A323246_1_En_1_Fig2_HTML.gif


Fig. 2
a A shape representation consisting of 13 landmarks with unequal degrees of connections. b Separation of landmarks into two clusters of 6 and 7 landmarks (note that the cardinality of clusters is equalized by a pseudo-landmark). Intra-cluster connections are established as complete graphs. c Optimal assignment-based shape representation, consisting of intra-cluster and also inter-cluster connections (in green), established by optimal assignment among landmarks in the two clusters


2.2 Game Theory


Game theory [17] is a discipline that studies the behavior of decision makers, who play a game by making decisions that impact one another. A game is a set of rules for playing, and a play is a specific combination of these rules that occurs when each player (i.e. the decision maker) chooses a strategy (i.e. a decision as an admissible behavior of the decision maker) so that it maximizes his payoff (i.e. the benefit gained according to the behavior of other players). In non-cooperative games, each player acts independently and aims to maximize his payoff regardless of payoffs gained by other players, while in cooperative games, players can join into coalitions (the grand coalition joins all players) and aim to maximize their joint payoff. In this paper, we apply game theory to detect the optimal position of landmarks that describe the object of interest.
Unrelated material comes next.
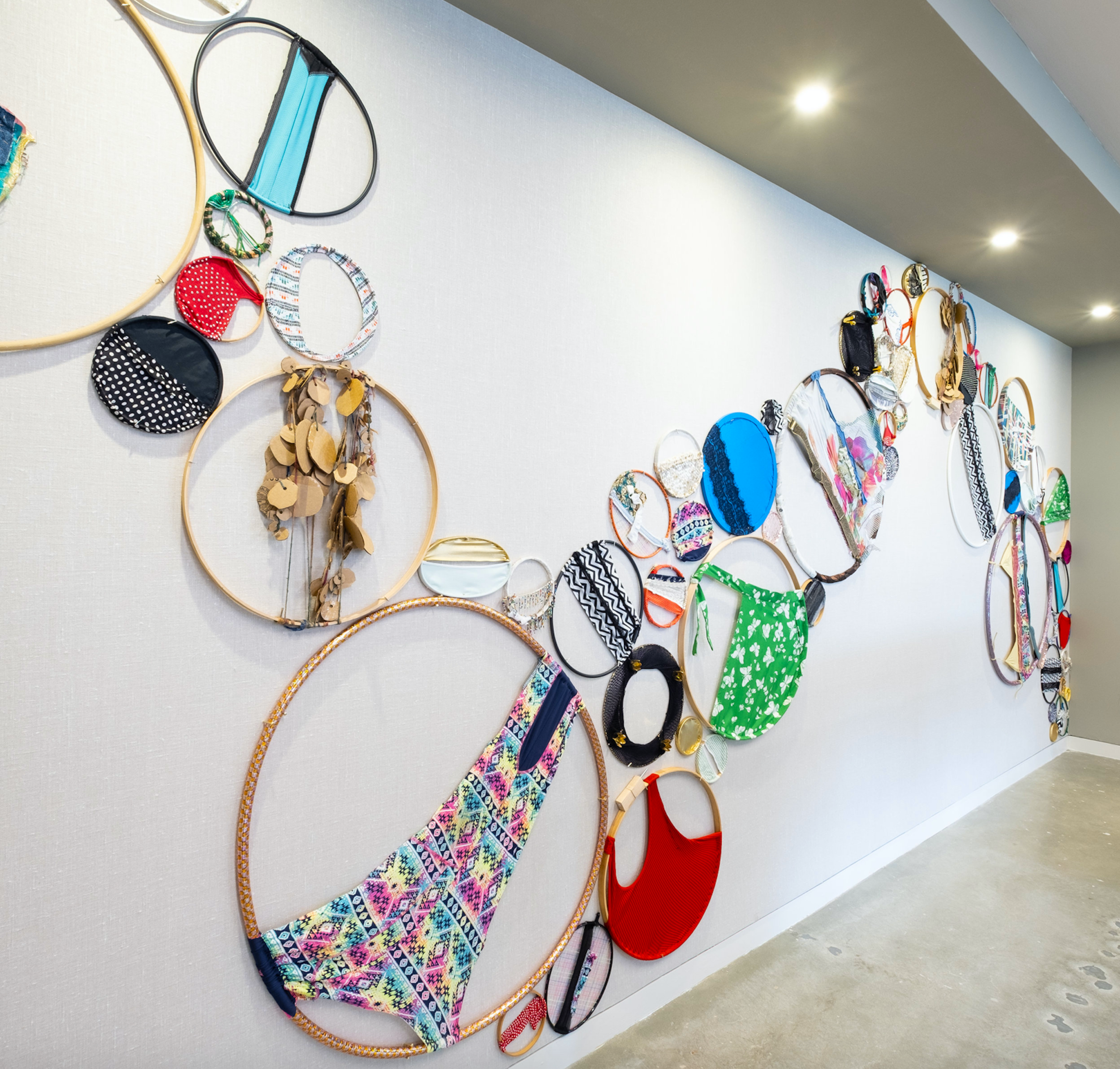 This particular iteration of the installation was commissioned by a DC corporation as part of their private art collection. This version includes 76 hand sewn circular forms mixed media on wood, plastic, and wire various sized, sewn, or woven circles.

Landmark detection is considered as a game where landmarks are players, landmark candidate points are strategies, and likelihoods that each candidate point represents a landmark are payoffs [12]. As players (i.e. landmarks) can simultaneously participate in maximizing their joint payoffs (i.e. cumulative likelihoods) through the corresponding strategies (i.e. landmark candidate points), landmark detection in the target image can be represented as a cooperative game with the grand coalition and solved by maximizing the joint payoff $$\vartheta ^*$$:


$$\begin{aligned} \vartheta ^*\left( \mathcal {P},\mathcal {S},\mathcal {W}\right) = \underset{\omega }{\arg \max }\left( \sum _{p \in \mathcal {P}}{w_p} \right) , \end{aligned}$$

(1)
where $$\mathcal {P}$$ and $$\mathcal {S}=\mathcal {S}_p \cup \mathcal {S}_q \cup \ldots $$ are, respectively, sets of landmarks and landmark candidate points, $$w_p$$ is the payoff for landmark $$p\in \mathcal {P}$$, $$\omega = \{w_p,w_q,\ldots \}$$ is an admissible combination of payoffs, and $$\mathcal {W} = \{W_{p,q}; \forall p,q \in \mathcal {P}, p \ne q\}$$ is the payoff matrix that consists of matrices $$W_{p,q}$$ of partial payoffs for each pair of landmarks $$p,q \in \mathcal {P}$$. The element of $$W_{p,q}$$ at location $$(s_p,s_q)$$ represents the partial payoff of landmark $$p$$ if landmarks $$p$$ and $$q$$ are represented by, respectively, candidate points $$s_p \in \mathcal {S}_p$$ and $$s_q \in \mathcal {S}_q$$.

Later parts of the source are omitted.